**WORK INSTRUCTION:** What you return should be only the lines in the entries below between the one holding "图表四展示了CBOW与Ski" and the one holding "- Look: A distressed", ends included, with every picture left out.

:: EXCERPTED DATA ::

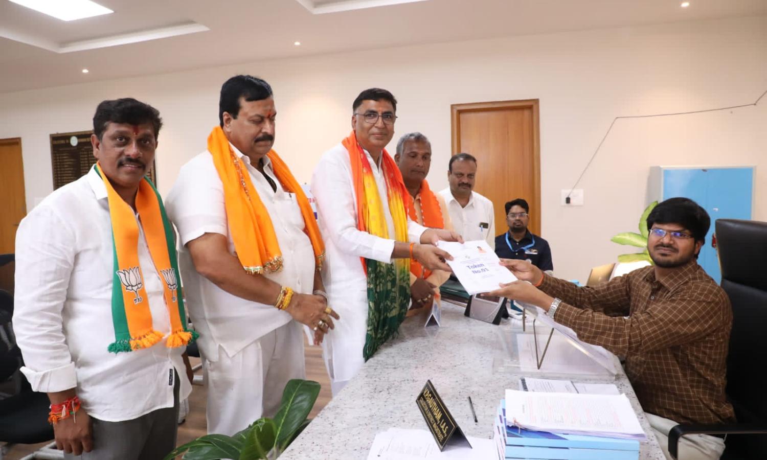 BJP Candidate From Khammam Lok Sabha Tandra Vinod Rao Files Nomination Papers
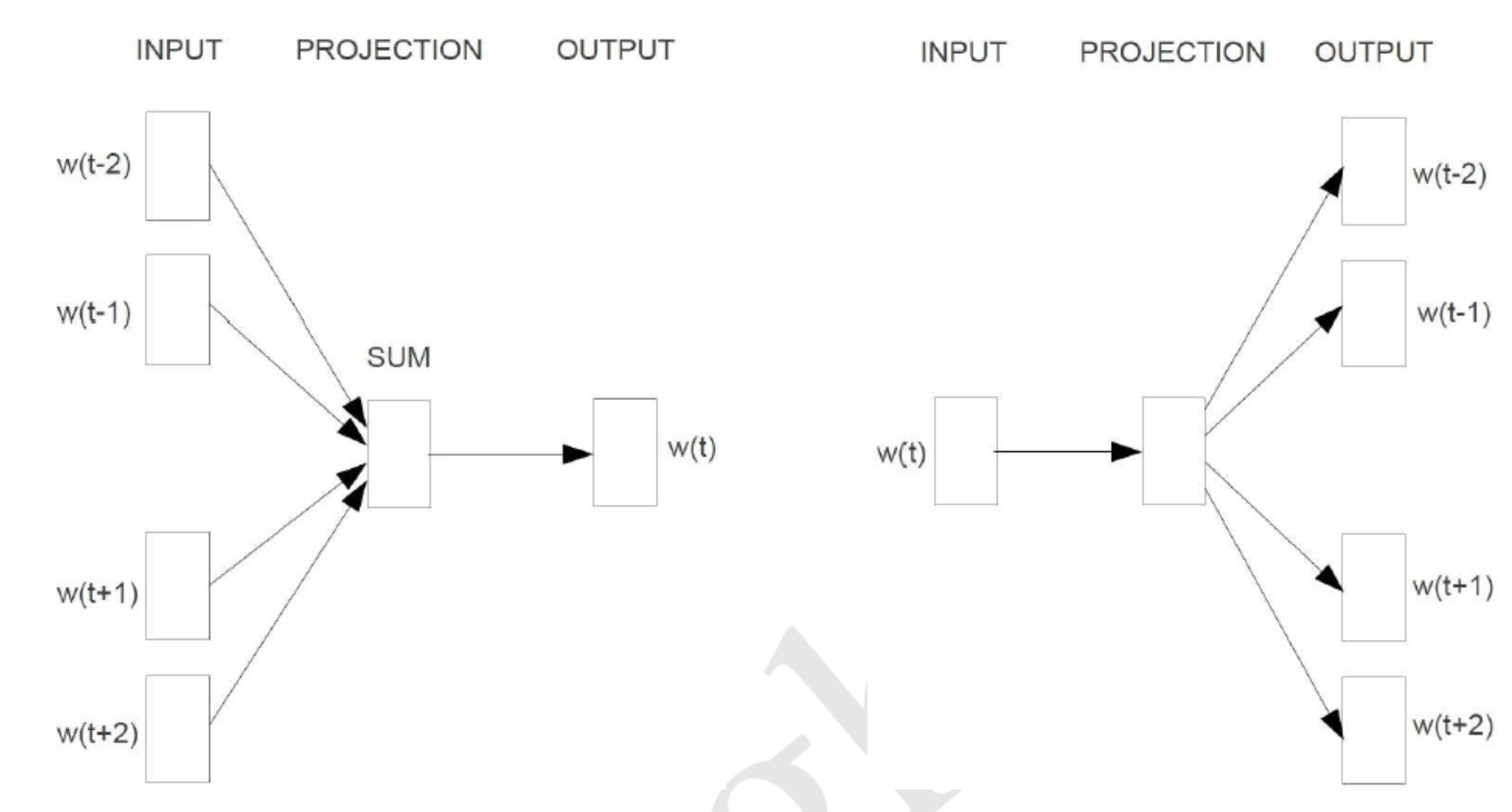 图表四展示了CBOW与Skip-Gram模型的概念框架(参考来源:https://www.jianshu.com/p/d534570272a6)。需要注意的是,在该图表中左侧网络结构中的隐藏层通常采用平均池化(average pooling)进行数据融合。
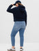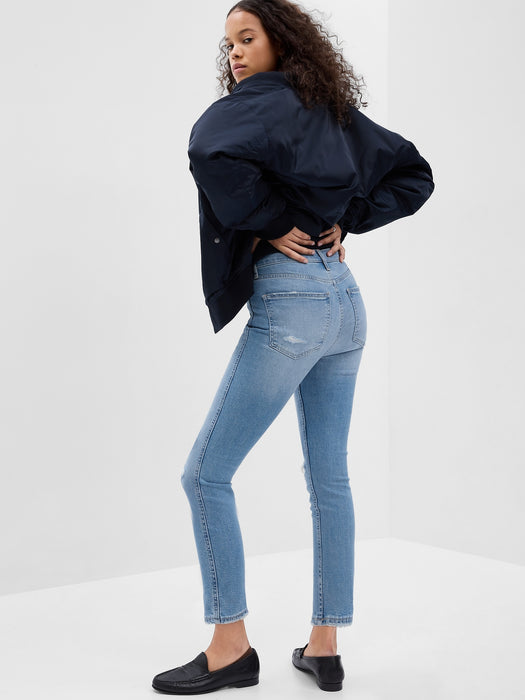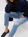 - Look: A distressed five-pocket jean in a light wash.
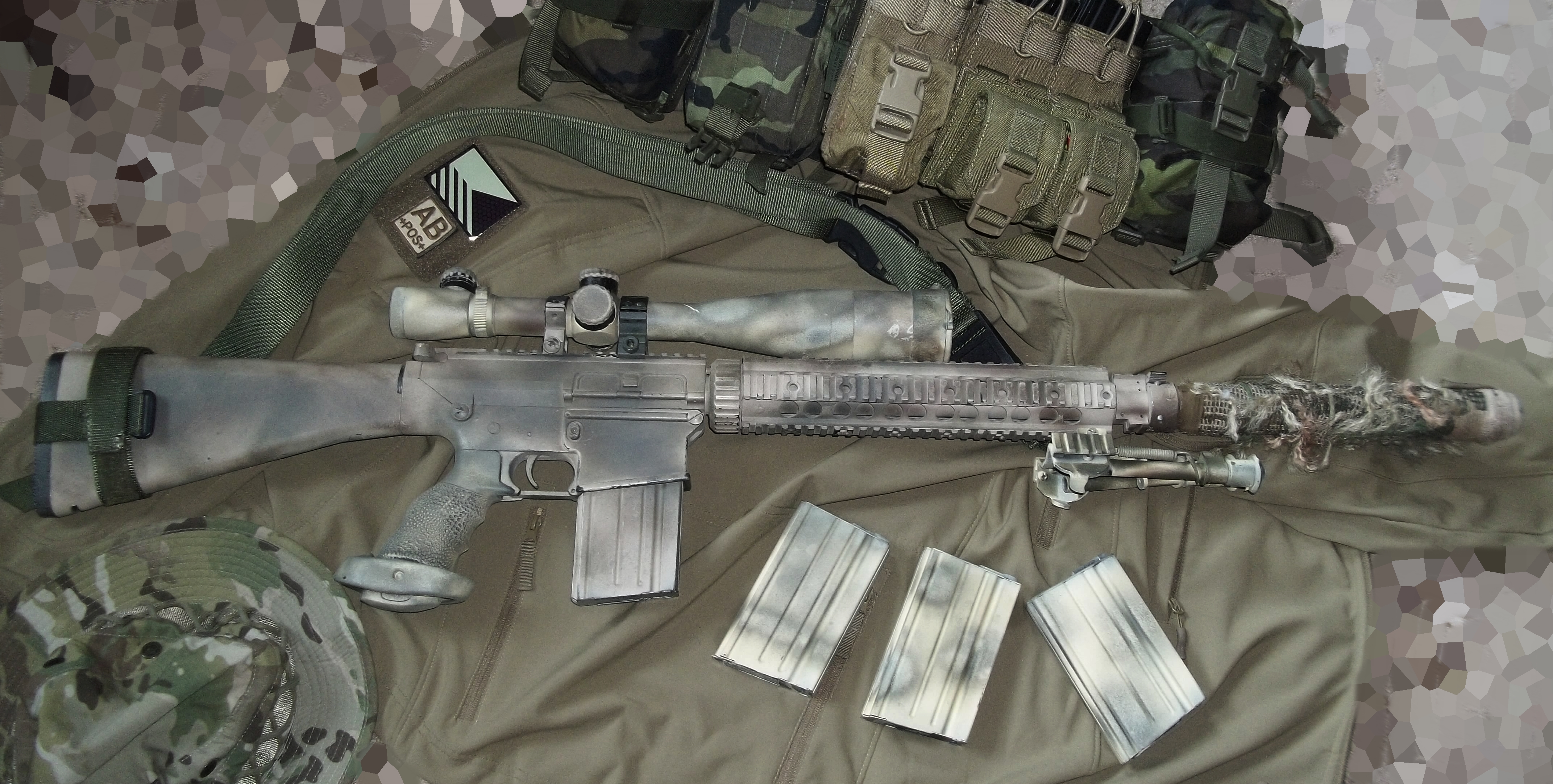 Tak tohle je muj miláček  Asi už finální verze... Jen zvažuju nějakej lehčí nástřik, ale nevim jestli bych to s tim spíš nezkazil a nenapadá mě jak to udělat...možná přes barakudu udělat jen pruhy nebo nějaký jednoduchý tvary, prostě tak aby to sedlo k woodlandum a hlavně to nezkazilo vzhled. Když by měl někdo nějakej nápad, tak budu jen rád
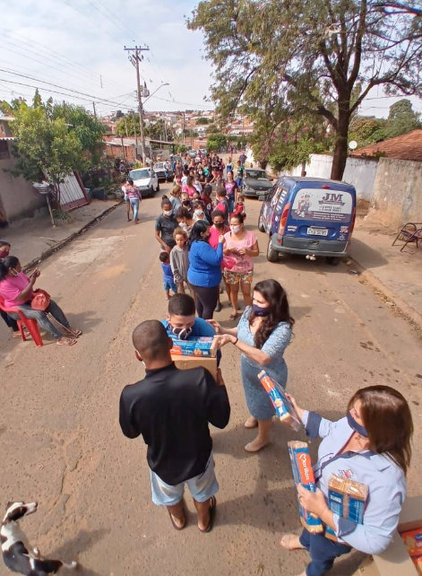 A entrega foi realizada com a entrega de senhas e obedecendo o distanciamento social, além do uso de máscaras de proteção facial e de álcool em gel.
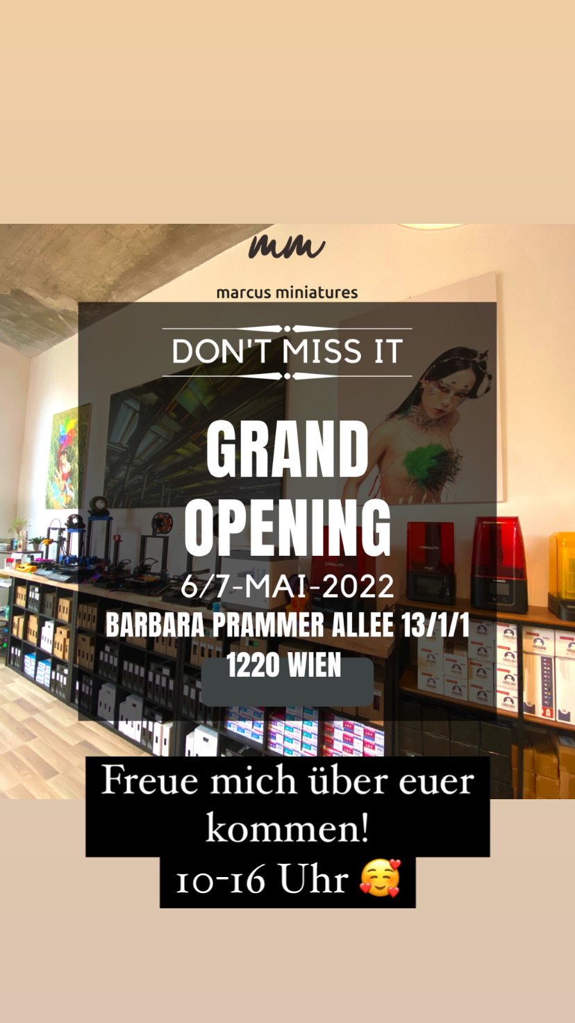Seit Jänner arbeite ich hart an meinem Traum nen eigenen 3D Druck Laden zu haben, jetzt hat das warten sein Ende und würde mich sehr freuen wenn ich den ein oder anderen bei der Eröffnung sehen würde
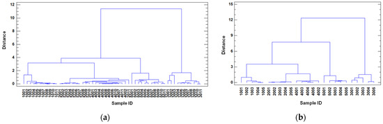 Using these data, new CA, dendrograms, and ANN were generated. The dendrograms of Figure 12a,b include all the selected data and the initial 5 h of the selected data, respectively. The dendrograms showed a more precise differentiation of samples. In this case, no measurements of the empty chamber are mixed with the measurements of the chamber with the essential oil in Figure 12 b. Again, the adulterated and pure essential oil of Cistus ladanifer are differentiated. Regarding the ANN, the results are the same as when all data are included. A success rate of 100% of samples correctly classified is achieved both with all the data and only with the initial 5 h of the data.
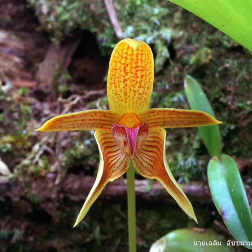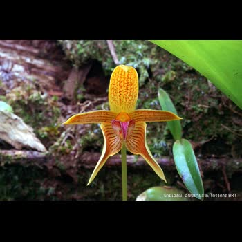 | คำอธิบาย : กล้วยไม้พันธุ์นี้อยู่ในสกุลสิงโตกลอกตา และเป็นพืชถิ่นเดียว พบเฉพาะในประเทศไทยที่นครศรีธรรมราช ศาสตราจารย์ Gunnar Seidenfaden และชนินทร์ โถรัตน์ เป็นผู้ค้นพบกล้วยไม้พันธุ์นี้ และได้ตั้งชื่อว่าสิงโตอาจารย์เต็ม (Bulbophyllum smitinandii) เพื่อเป็นเกียรติแก่ ศ.ดร.เ ต็ม สมิตินันทน์ ปรมาจารย์ทางพฤกษอนุกรมวิธานของไทย |

:::

**TASK RESPONSE:**
 图表四展示了CBOW与Skip-Gram模型的概念框架(参考来源:https://www.jianshu.com/p/d534570272a6)。需要注意的是,在该图表中左侧网络结构中的隐藏层通常采用平均池化(average pooling)进行数据融合。
 - Look: A distressed five-pocket jean in a light wash.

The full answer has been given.